Konzeptionell wird an Stelle der Abgrenzung der Konfessionen zur Identitätswahrung, die als Voraussetzung für die Entstehung von Konfessionskirchen gesehen wird, eine gemeinsame christliche Identität gefordert. Im RU werden die "Konfessionskirchen" vor die Aufgabe gestellt, sich "umfassender gemeinsam um ein Christsein heute, um die Auseinandersetzung um Religion und Christentum in unserer Gesellschaft, um die Sensibilisierung der religiösen Dimension etc. zu bemühen" (151). Die Religionspädagogik wird zum Schrittmacher für den ökumenischen Prozess, es entsteht eine gemeinsame Tradition und eine neue gemeinsame Identität. Didaktisch wird K. E. Nipkows Modell eines "ökumenischen Lernens" aufgenommen und fortgeführt, das eine konfessionelle Positionalität voraussetzt. Im Gegensatz zu einer nachkonfessionellen Bewusstseinslage findet ökumenisches Lernen in der Spannung unterschiedlicher Prägungen statt.

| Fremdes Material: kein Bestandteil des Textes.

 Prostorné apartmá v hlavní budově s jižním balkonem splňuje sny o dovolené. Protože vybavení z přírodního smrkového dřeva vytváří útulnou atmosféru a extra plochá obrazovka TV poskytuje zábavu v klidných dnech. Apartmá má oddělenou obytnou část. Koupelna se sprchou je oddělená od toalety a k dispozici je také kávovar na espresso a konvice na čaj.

Auch wenn eine pädagogische Konzeption für das ökumenische Lernen nach Ansicht Sch.s noch aussteht, führt er vier "didaktische Grundprinzipien" aus (164-168): 1. "Das Globale im Lokalen entdecken." 2. "Lernen in Beziehungen." 3. "Sich selbst mit den Augen der anderen sehen." 4. "Lernen in Konflikten und solidarischer Praxis." Diese Konzeption des ökumenischen Lernens versteht sich selbst als Unterrichtsprinzip und nicht als Unterrichtsgegenstand.

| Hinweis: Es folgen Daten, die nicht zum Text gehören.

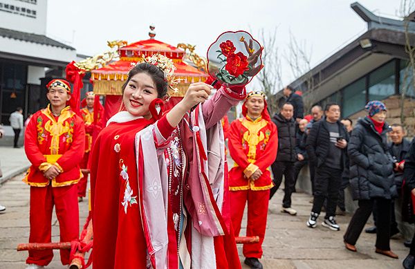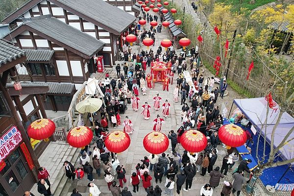 重庆:绣楼招亲演绎传统婚俗 花轿迎亲增添浓浓年味
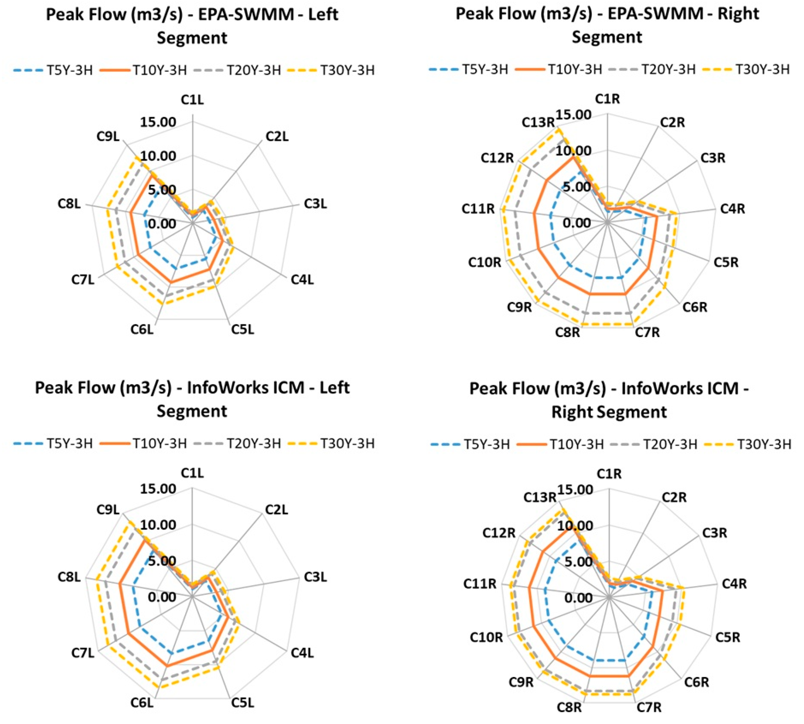 - Comparison C: We explored implementing LID/SUDS elements using incorporated tools in InfoWorks ICM 2021.9 and EPA-SWMM 5.2, which are only available using a 1D approach. A drainage system is required. Therefore, we used the same simulation scenario for comparison B, adding LID/SUDS elements.
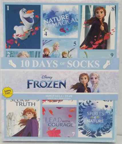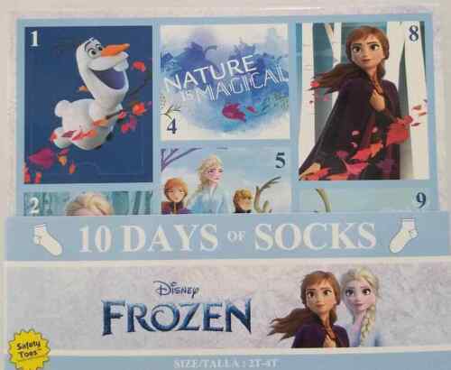 Frozen Toddler Girls 10 Days of Socks Frozen Toddler Girls 10 Days of Socks The Disney Frozen 10 Days of Socks Advent Calendar is perfect for giving. This gift pack of socks makes a great early present to count down the days until Christmas. It comes with 10 pairs of socks, with each pair housed in a separate closed section of the gift box so the recipient can be surprised with a different pair each day leading up to Christmas. The sock set includes 10 pairs of quarter socks, with an array of Disney Frozen -themed graphics ? so your gift recipient has tons of fun options they'll love wearing even after the holidays Listing and template services provided by inkFrog
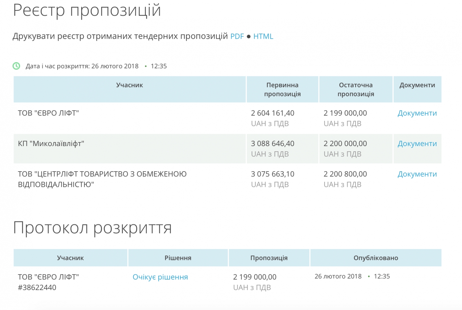 Окончательное предложение компании «Евро лифт» оказалось самым меньшим - 2 миллиона 199 тысяч гривен.

Durch die gesamte Untersuchung zieht sich das Bemühen des Vf.s, vor allem seine eigene Kirche für eine stärkere Öffnung des RU zu gewinnen. Intensiv sucht er nach Ansatzmöglichkeiten für die im evangelischen Bereich entwickelten didaktischen Vorstellungen von einem ökumenischen Lernen in der katholischen Tradition. Insofern ist das Buch gerade für die innerkatholische Diskussion von besonderer Bedeutung; aber auch für die Religionspädagogik insgesamt ist die Schrift von Interesse, weil ein differenziertes Modell eines kooperativen RU entwickelt wird, ohne die konfessionelle Prägung zu vernachlässigen.